DATASET EXTRACT
⁂

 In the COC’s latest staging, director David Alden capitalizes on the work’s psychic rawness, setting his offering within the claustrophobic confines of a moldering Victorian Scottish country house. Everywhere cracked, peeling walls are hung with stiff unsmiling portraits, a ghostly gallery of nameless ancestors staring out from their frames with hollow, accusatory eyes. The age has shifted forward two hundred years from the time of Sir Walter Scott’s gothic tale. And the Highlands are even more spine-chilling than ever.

⁂

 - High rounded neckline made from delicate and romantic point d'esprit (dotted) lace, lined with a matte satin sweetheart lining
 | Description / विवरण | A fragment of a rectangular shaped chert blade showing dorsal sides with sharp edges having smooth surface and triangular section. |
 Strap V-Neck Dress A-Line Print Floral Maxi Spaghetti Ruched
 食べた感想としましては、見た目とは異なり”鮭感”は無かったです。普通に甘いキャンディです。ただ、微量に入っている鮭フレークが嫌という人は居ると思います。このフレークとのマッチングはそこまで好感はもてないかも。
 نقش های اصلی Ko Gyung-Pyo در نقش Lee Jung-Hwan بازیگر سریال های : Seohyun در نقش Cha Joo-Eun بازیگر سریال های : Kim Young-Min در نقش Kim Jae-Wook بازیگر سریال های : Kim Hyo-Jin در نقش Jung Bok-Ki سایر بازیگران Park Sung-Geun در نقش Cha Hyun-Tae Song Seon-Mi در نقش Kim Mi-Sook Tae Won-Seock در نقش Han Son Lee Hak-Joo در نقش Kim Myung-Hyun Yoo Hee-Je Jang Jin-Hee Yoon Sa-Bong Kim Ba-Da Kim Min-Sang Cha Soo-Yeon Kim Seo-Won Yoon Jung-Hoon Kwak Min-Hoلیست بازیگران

⁂

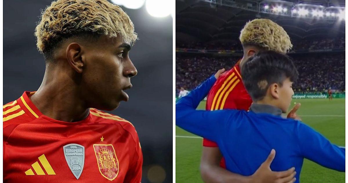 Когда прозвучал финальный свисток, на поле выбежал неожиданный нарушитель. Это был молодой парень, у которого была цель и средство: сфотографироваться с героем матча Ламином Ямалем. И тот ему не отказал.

⁂

WHAT TO WORK ON
Look above for the line with "triangular section. |" and the line with "食べた感想としましては、見た". Retype those two lines and every line between them exactly, adding nothing.

FINISHED EXERCISE
 | Description / विवरण | A fragment of a rectangular shaped chert blade showing dorsal sides with sharp edges having smooth surface and triangular section. |
 Strap V-Neck Dress A-Line Print Floral Maxi Spaghetti Ruched
 食べた感想としましては、見た目とは異なり”鮭感”は無かったです。普通に甘いキャンディです。ただ、微量に入っている鮭フレークが嫌という人は居ると思います。このフレークとのマッチングはそこまで好感はもてないかも。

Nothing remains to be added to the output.